Я не могла поверить, как в один миг всё, что я знала о себе прежде, оказалось неправдой, потому что я всегда видела себя глазами других, тех, кто заблуждался на мой счёт, тех, кто смотрел сквозь меня, кто не знал и не хотел узнать меня. И я жила в непроглядном сумраке злобы, чувствуя с самого начала на себе осуждающие, непонимающие взгляды, – неприятие и отторжение были с первых дней моими спутниками, я дышала ими, я была пропитана чужим озлоблением; я никогда не смела заметить его присутствие в себе и вокруг – слишком страшно и недоступно было бы это понимание. А теперь ужасным откровением оно настигло меня спустя почти тридцать лет. Я ощутила острую, пронзительную боль от зрелища собственной беспомощности, беззащитности, когда я была ребёнком. Но раньше эта боль была лишь в моей памяти – безликая, призрачная, недоказуемая – кроме меня, в неё никто и не мог бы поверить. И вдруг, вопреки своим желаниям, я увидела на старых фотографиях то, что так долго несла внутри: неприглядное доказательство моей несчастной детской жизни, которой распоряжались люди, ненавидевшие меня с рождения. Впервые я заметила тяжёлые болезненные черты своего детского личика. На нём застыло настороженное, испуганное выражение, точно в предчувствии бури, – не такими вовсе представлялись мне мои детские портреты.

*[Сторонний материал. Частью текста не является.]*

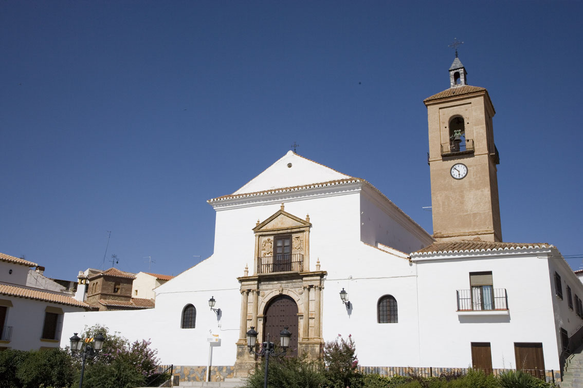 Dirigida en 1545 por el alarife Francisco Roldán y ejecutada por Francisco Heredia, la obra de esta iglesia fue concluida en 1561 por Baltasar de la Hoya, discípulo de Diego de Siloé. Es una iglesia basilical de cruz latina, con tres naves y presbiterio, cuyo artesonado es posiblemente mudéjar. Su portada es de estilo renacentista, realizada en piedra. Sobre todo el conjunto de la iglesia sobresale el remate castellano del campanario, con forma de prisma cuadrangular, con un balcón en cada lado. Justo debajo del balcón que da a la plaza luce un gran reloj. Alberga esculturas, una casulla, una cruz de plata repujada, una custodia y otras reliquias de alto valor artístico del siglo XVIII.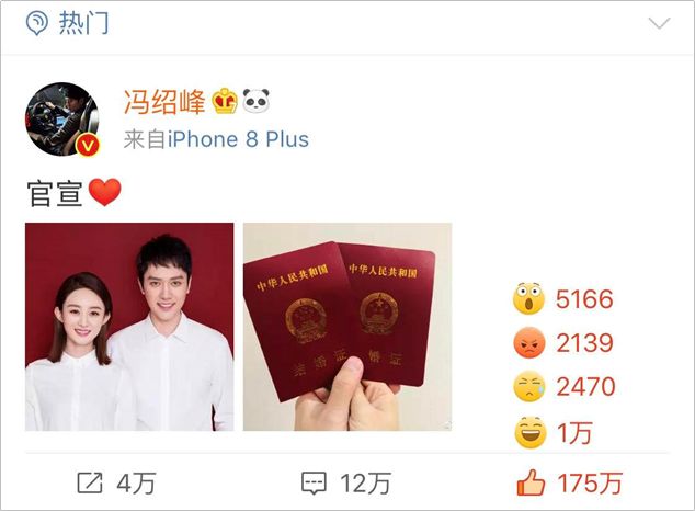 冯绍峰的婚讯微博转发 4 万,评论 12 万,点赞更是有 175 万之多。

Как сильно потрясла меня одна фотография – первый взгляд на неё – словно в ней одной нашлось нечто утерянное навсегда. Я увидела себя и то, что творилось у меня в душе. Сколько боли отразилось на лице ребёнка – лице, застывшем от ужаса. Я снова заплакала, вглядываясь в свои напряжённые, не по-детски серьёзные глаза, в тёмные круги под нижними веками, в это странное неестественное выражение губ, точно мышечный спазм, за которым скрывалось начало вымученной улыбки, похожей на гримасу. Моё личико было заплаканным, уставшим и отстранённым, я словно находилась в каком-то другом месте, куда никто не мог бы проникнуть, кроме меня. На другой фотографии маленькая девочка крепко обнимала потёртого плюшевого зверя, и казалось, что её глаза даже оживились от внезапной радости, но вновь смущённая, несмелая улыбка выдавала хрупкость, мимолётность этого счастливого мгновения, а в зажатых плечиках притаилось недоверие, – я боялась улыбнуться по-настоящему, ведь столько раз прежде за улыбкой приходили слёзы. И грубая фотовспышка выдёргивала меня из моего внутреннего тайного укрытия, тащила силком наружу, на сцену, где я должна была играть счастливую девочку, чтобы в памяти мамы и бабушки осталось вещественное доказательство, что они всё же были хорошими людьми. Но вытащив меня на всеобщее обозрение, камера была по-настоящему бессильна: пустота детских глаз выдавала то, что творилось у меня внутри. Я видела на своих фотографиях уродливое выражение испуга, неотвратимость опасности, которая исходила от тех, кто меня окружал. Я знала, что за красивым моментом, запечатлённым на плёнке, следовал окрик негодования, порицания и ненависти. Мне не был знаком покой или отдых, мои обвинители настигали меня везде, – я никогда не знала, что сделала бы плохо в следующее мгновение, и эта неизвестность, постоянное предчувствие расправы обостряли все мои чувства, требовали бесконечного внимания ко всему, что происходило вокруг. Мне нельзя было терять бдительность – новый нестерпимый удар мог обрушиться на меня в любую секунду, и я готовилась, ожидая его. Я жила страхом, вечным неизменным страхом, без конца и края. Печать этого страха была в каждой чёрточке моего лица, в повороте головы, в застывших жестах ручек и сжатых плечах. Какое непосильное бремя… Точно это была война.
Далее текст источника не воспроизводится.